Cate: (sighs) incredibly peaceful under the circumstances.
Goldilocks: That is the goal isn't it or am I off base?
Cate: No, it should feel great, but the ego is messing with my mind and it feels strange to feel this way when my entire family is reeling from the shock.
Goldilocks: Tell me about Sunday. I thought it might be time to celebrate a great victory, go home and start collecting more of that back pay that I keep accumulating. You were almost there you know.
Cate: Was I?
Goldilocks: You would know that better than me.
Cate: (earnestly) Tell me, Goldilocks. Please, tell me.
Goldilocks: Sorry, I can't because I don't know. Only you do.
Cate: But that's the problem, Goldilocks, I'm not sure. And I want to be sure.
Goldilocks: Did you hear what you just said?
Cate: (smiling) Yeah, that I want something really, really bad.
Goldilocks: (continuing the discrimination process) And what does that mean?
Cate: (grinning broadly) That I can't have it because I'm in lack.

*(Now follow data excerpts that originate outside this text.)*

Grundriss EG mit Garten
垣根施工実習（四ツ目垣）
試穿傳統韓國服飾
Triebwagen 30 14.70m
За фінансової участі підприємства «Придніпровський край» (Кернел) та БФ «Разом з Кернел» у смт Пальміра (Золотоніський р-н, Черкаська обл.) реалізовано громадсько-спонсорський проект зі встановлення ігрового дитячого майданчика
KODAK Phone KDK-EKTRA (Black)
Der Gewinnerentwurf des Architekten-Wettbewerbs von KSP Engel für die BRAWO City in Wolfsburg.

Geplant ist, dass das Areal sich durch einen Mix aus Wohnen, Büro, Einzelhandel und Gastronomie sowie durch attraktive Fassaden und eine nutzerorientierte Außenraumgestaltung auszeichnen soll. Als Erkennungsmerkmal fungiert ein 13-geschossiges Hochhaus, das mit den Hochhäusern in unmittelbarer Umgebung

Goldilocks: Need I say more?
Cate: Nope, the hammer hit the thumb square on. One thing I did notice on Sunday, that I was not forcing it or trying to control it like before.
Goldilocks: I'd say that was progress, wouldn't you?

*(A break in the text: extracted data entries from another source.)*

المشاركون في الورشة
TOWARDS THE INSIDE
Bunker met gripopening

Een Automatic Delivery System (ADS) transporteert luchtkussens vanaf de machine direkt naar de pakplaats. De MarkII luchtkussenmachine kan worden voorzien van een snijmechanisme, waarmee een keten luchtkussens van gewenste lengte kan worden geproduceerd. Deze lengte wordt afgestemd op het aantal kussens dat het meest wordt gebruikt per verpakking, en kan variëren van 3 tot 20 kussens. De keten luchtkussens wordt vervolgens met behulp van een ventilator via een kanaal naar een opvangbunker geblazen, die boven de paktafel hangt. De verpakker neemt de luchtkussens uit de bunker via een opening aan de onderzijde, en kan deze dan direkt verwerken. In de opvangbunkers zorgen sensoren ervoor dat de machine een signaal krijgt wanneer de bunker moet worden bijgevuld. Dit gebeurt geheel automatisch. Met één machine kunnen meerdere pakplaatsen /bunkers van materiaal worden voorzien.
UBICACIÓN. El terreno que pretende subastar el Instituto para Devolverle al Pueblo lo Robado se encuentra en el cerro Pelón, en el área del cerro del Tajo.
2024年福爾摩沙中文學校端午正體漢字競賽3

Cate: (sheepishly) I was feeling rather proud of myself. Yeah right, letting that feeling go, I can say I felt different. It wasn't really an out-of-body experience like I was expecting, but more of a detached sensation like I didn't belong, like I was above it all. Am I making any sense?
Goldilocks: Sure
Cate: (skeptically) You're not just saying that?
Goldilocks: No, I'm not. (pause) You're about to tell me more.
Cate: (nodding) Part of me was disappointed but then as I listened to the CD, a revelation hit...not exactly at that moment but later.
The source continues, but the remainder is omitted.